DATA UNDER STUDY -

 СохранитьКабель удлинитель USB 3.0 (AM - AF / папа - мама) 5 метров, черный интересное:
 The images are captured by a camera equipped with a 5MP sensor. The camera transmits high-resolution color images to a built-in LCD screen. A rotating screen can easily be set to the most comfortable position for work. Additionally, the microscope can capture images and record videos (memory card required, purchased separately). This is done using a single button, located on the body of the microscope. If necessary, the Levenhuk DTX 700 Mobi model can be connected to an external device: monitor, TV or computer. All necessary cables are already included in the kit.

---

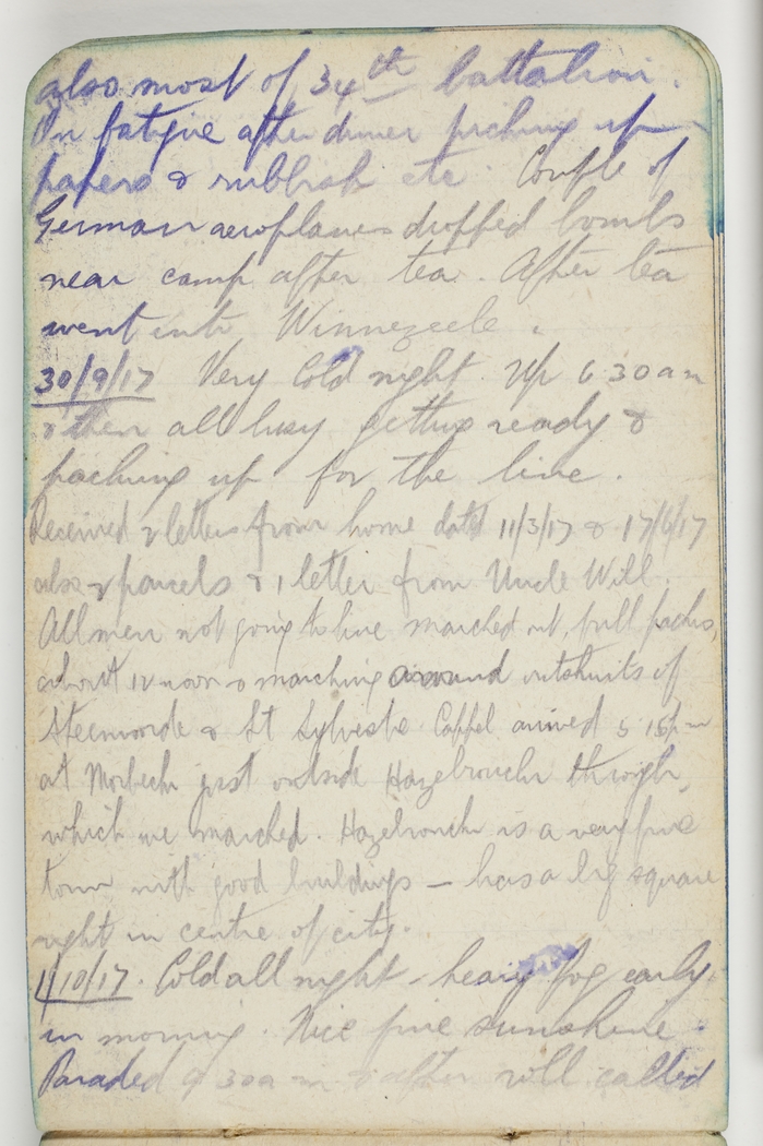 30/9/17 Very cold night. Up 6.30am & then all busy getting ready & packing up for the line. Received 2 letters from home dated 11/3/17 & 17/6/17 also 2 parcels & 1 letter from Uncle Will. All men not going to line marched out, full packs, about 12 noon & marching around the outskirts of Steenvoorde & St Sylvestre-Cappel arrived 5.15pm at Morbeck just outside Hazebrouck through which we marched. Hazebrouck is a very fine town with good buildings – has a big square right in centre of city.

--

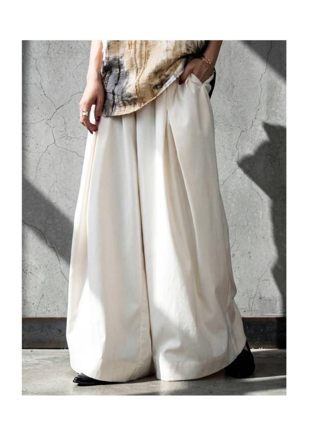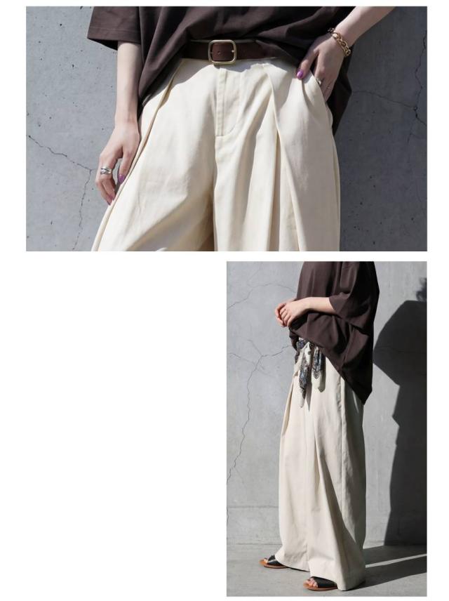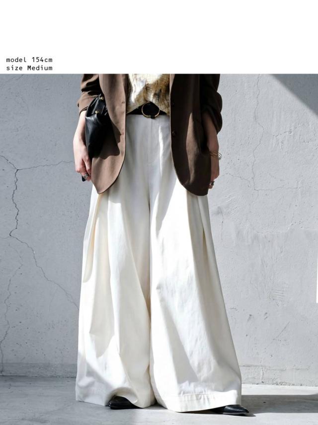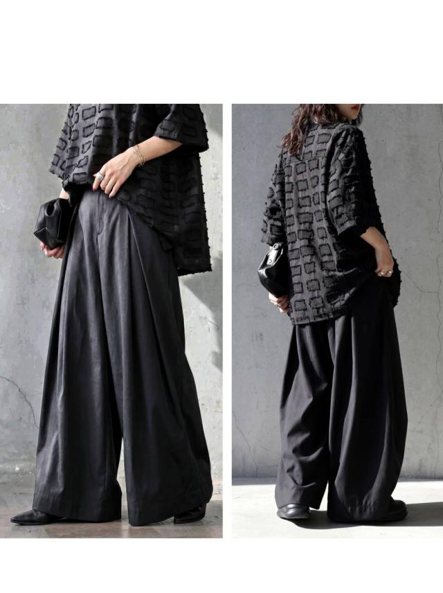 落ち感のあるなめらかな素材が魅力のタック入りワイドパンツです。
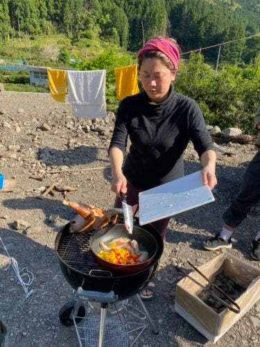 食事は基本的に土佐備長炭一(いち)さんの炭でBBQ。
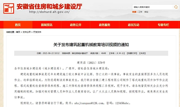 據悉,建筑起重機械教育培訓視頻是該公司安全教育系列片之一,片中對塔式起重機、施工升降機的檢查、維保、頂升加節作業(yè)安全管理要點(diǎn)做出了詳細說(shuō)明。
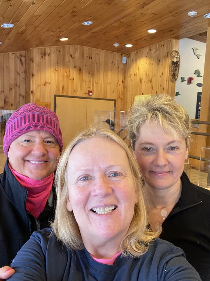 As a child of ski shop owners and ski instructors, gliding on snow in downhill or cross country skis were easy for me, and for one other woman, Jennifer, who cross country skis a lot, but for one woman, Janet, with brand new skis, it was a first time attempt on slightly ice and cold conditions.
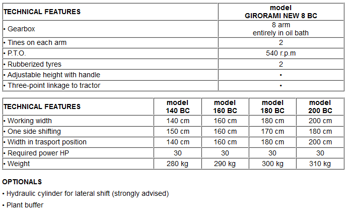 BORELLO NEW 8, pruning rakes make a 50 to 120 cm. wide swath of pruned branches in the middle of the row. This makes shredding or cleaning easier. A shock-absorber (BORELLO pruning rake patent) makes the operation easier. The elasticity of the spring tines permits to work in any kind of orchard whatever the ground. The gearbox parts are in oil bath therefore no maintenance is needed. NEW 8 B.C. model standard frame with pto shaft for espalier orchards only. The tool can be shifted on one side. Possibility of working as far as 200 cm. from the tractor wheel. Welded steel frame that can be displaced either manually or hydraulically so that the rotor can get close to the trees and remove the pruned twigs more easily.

THE PROBLEM -
For the lines above, output exactly those from the line containing "СохранитьКабель удлинитель USB" through the line containing "The images are", and skip the others.

REPLY -
 СохранитьКабель удлинитель USB 3.0 (AM - AF / папа - мама) 5 метров, черный интересное:
 The images are captured by a camera equipped with a 5MP sensor. The camera transmits high-resolution color images to a built-in LCD screen. A rotating screen can easily be set to the most comfortable position for work. Additionally, the microscope can capture images and record videos (memory card required, purchased separately). This is done using a single button, located on the body of the microscope. If necessary, the Levenhuk DTX 700 Mobi model can be connected to an external device: monitor, TV or computer. All necessary cables are already included in the kit.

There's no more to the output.